Art Critic Takes on 'Noxious Vibes Emanating' from the Ultra-Rich '1 Percent'

Taking on the "noxious" 1 percenters in the arts pages: "True, art-worldlings did at least adopt one thing from the Occupy Wall Street movement: a new identifying label for the source of particularly noxious vibes emanating from art fairs, V.I.P. galas and museum boardrooms: namely the 1 percent."

New York Times art critic Holland Cotter's year in review piece on Sunday opened with an awkward metaphorical shout-out to the lefty park-squatters of Occupy Wall Street and an excoriation of the 'noxious' 1 percent: 'Complacency Butts Up Against Game Changers.'

There was a lot of painting on view in Zuccotti Park this fall, in the form of Occupy Wall Street protest posters, free for the taking. And there was a lot of painting on the walls of New York art galleries, most of it post-M.F.A. eye candy with hefty price tags. The physical distance between Lower Manhattan and the Chelsea art zone is short, but the mental and moral gap felt immeasurable. The park was about light-on-its-feet, change-the-game politics. Chelsea - leaden and inbred - was about cash and caution.
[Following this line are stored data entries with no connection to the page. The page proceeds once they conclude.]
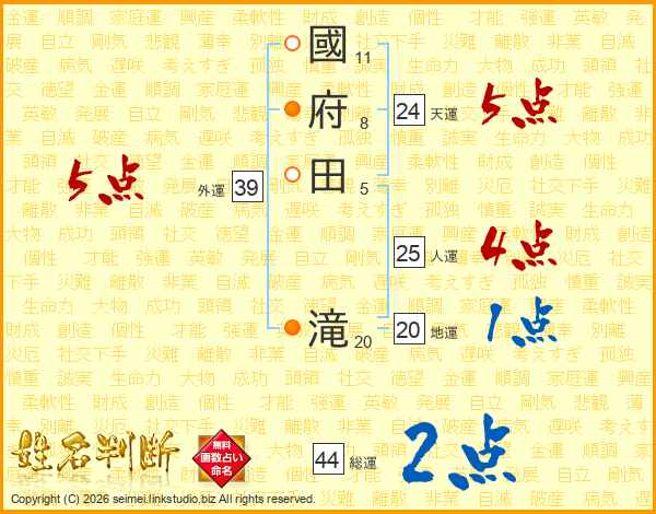 家系が持つ宿命的な運勢を表します。祖先から受け継いだ苗字ですので自分の力が及びません。家柄を象徴します。苗字の合計画数。
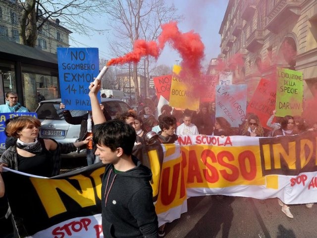 Studentendemonstrationen halfen nichts: Italiens Regierung sagt Ja zu einer umfangreichen Schulreform. Die Studenten kritisierten, die Regierung wolle damit dem öffentlichen Schulsystem Ressourcen zugunsten von Privatschulen entziehen.
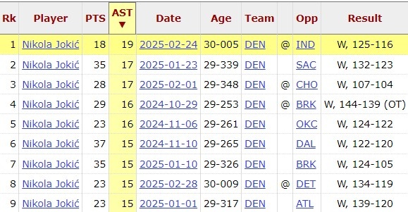 2025-03-08 17:49:28約基奇本賽季第10場比賽送出15+助攻 10戰全勝
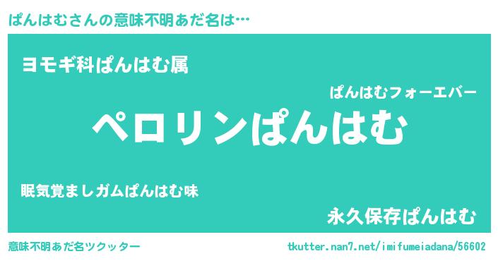| ヘコむあだ名 | 『ぱんふぇ~』『ぱんはむ(遠い目)』 |
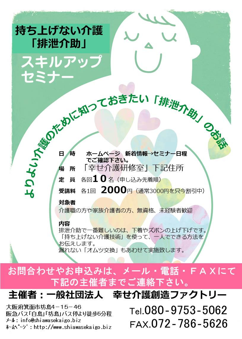 特に、家族介護者の方に一番負担の大きいのも、この介護技術・排泄介助になります。オムツ交換(付け方・コツ)を学ぶセミナー(研修)では、家族介護者の方にも分かりやすくお伝えしており、介護技術・排泄介助の負担が軽減されると、在宅で介護をすることも可能となり、最後まで自宅で過ごすが可能になります。
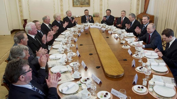 Russian Prime Minister Vladimir Putin speaks to Canadian and Russian former legendary ice hockey players, coaches and officials at his residence outside Moscow on Feb. 24, 2012.Pool/Reuters/Reuters
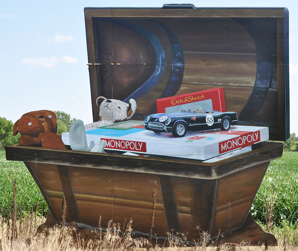 | Treasure Hunt was created in 2007 and installed in a farmer's field. It depicts two children who have dug up a treasure chest filled with vintage toys. By 2018, the signs were gone. In their place was a small Corvette sign which looks like a Cerney creation. That was gone by 2024. |

True, art-worldlings did at least adopt one thing from the Occupy Wall Street movement: a new identifying label for the source of particularly noxious vibes emanating from art fairs, V.I.P. galas and museum boardrooms: namely the 1 percent. But why, you'll ask, dis the ultrarich? Haven't they historically been the primary bankrollers of great art?


Sure, except we're not getting great art. By and large we're getting high-polish mediocrity. You had really, truly, desperately need to believe in the perpetual wondrous newness value of contemporary work to conclude that the New York gallery season just past was anything more than a long flat line, with month after month of young artists rehashing yesteryear's trends and veterans cannibalizing their own careers.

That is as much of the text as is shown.